▸ WORK REQUEST: An exact copy of the listing below is needed, with no pictures in it.

START GIVEN DATA

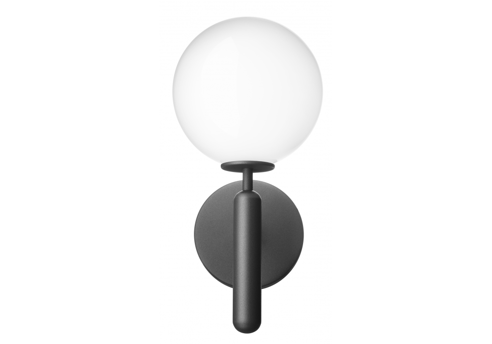 Miira Outdoor diseñada por Sofie Refer para Nuura es una lámpara de pared de exterior con estructura de metal trabajado y difusor de vidrio opalino soplado o transparente con relieve.
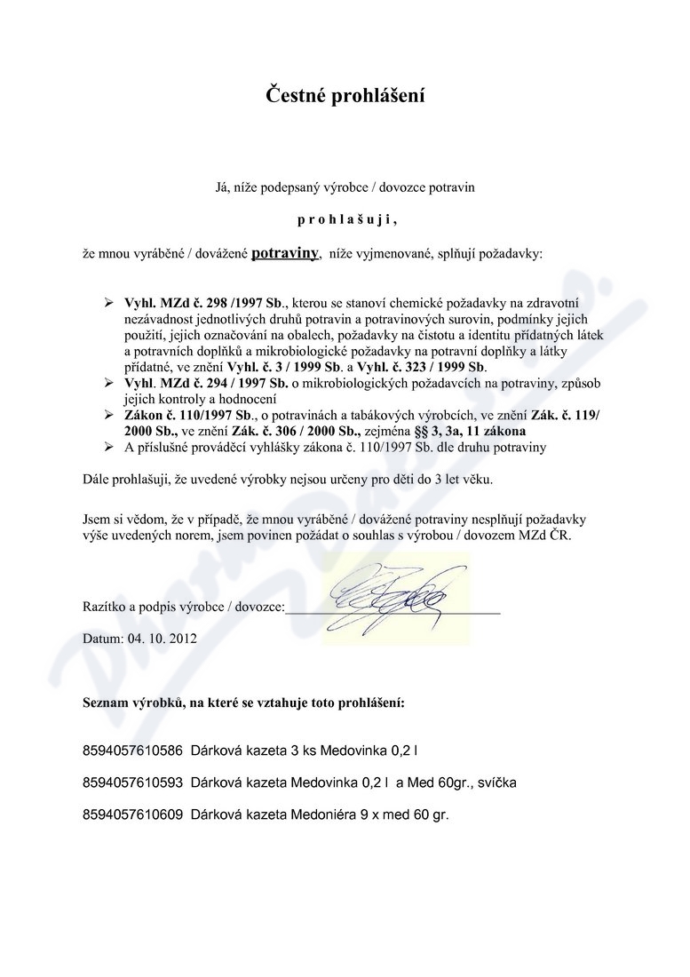 čestné prohlášení
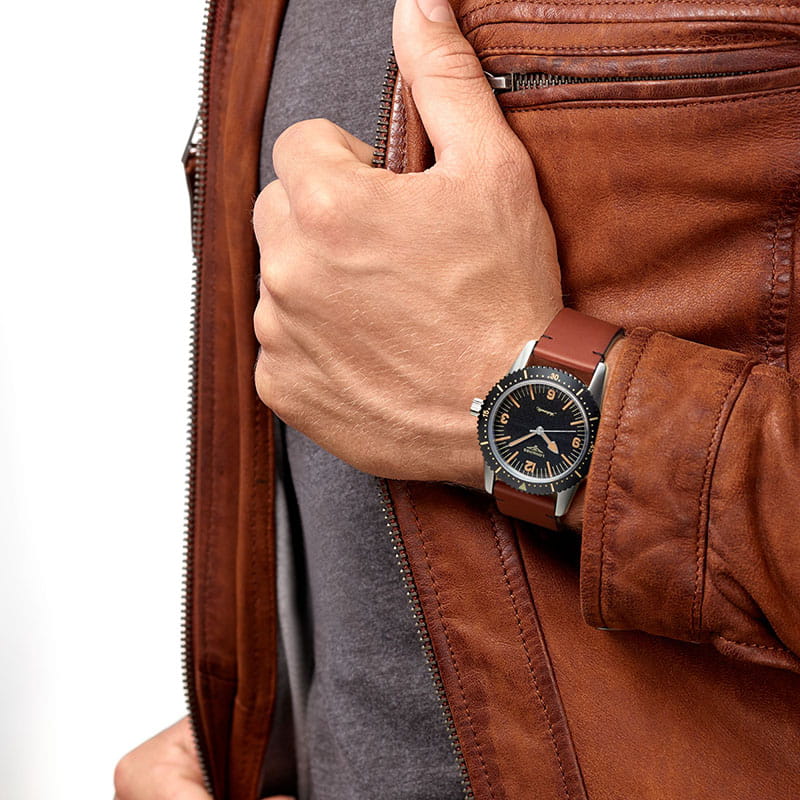Аксессуар выполнен в дайверском стиле: безельБезельВнешний ободок, закрепляющий стекло. В спортивных часах так называется поворотное кольцо с делениями на циферблате, выполняет роль таймера – замеряет отрезки времени на шкале. Неподвижный безель – элемент декора. Однонаправленно вращающийся безель на дайверских часах позволяет фиксировать моменты погружения и выныривания на поверхность., закручивающаяся задняя крышка, завинчивающаяся заводная головка, люминесцентная подсветкаЛюминесцентное покрытиеПозволяет считывать показания времени в темноте. Производители наносят на стрелки, часовые индексы, безель или поверхность циферблата светонакопительный состав, дающий холодное свечение.. Ремешок из натуральной кожи надёжно крепится на запястье. Швейцарский автоматический калибр L888 имеет запас хода на 64 часа. Сапфировое стекло дополнено многослойным антибликовым покрытиемАнтибликовое покрытиеСлой оксида металла в 0,13-0,3 микрон, благодаря которому стекло часов не бликует и не отражает свет. Антибликовое покрытие уменьшает отражение света в 10 раз, обеспечивая отличную читаемость показателей циферблата.. Водостойкость – 300 метров.

END GIVEN DATA

▸ TASK RESULT:
 Miira Outdoor diseñada por Sofie Refer para Nuura es una lámpara de pared de exterior con estructura de metal trabajado y difusor de vidrio opalino soplado o transparente con relieve.
 čestné prohlášení
Аксессуар выполнен в дайверском стиле: безельБезельВнешний ободок, закрепляющий стекло. В спортивных часах так называется поворотное кольцо с делениями на циферблате, выполняет роль таймера – замеряет отрезки времени на шкале. Неподвижный безель – элемент декора. Однонаправленно вращающийся безель на дайверских часах позволяет фиксировать моменты погружения и выныривания на поверхность., закручивающаяся задняя крышка, завинчивающаяся заводная головка, люминесцентная подсветкаЛюминесцентное покрытиеПозволяет считывать показания времени в темноте. Производители наносят на стрелки, часовые индексы, безель или поверхность циферблата светонакопительный состав, дающий холодное свечение.. Ремешок из натуральной кожи надёжно крепится на запястье. Швейцарский автоматический калибр L888 имеет запас хода на 64 часа. Сапфировое стекло дополнено многослойным антибликовым покрытиемАнтибликовое покрытиеСлой оксида металла в 0,13-0,3 микрон, благодаря которому стекло часов не бликует и не отражает свет. Антибликовое покрытие уменьшает отражение света в 10 раз, обеспечивая отличную читаемость показателей циферблата.. Водостойкость – 300 метров.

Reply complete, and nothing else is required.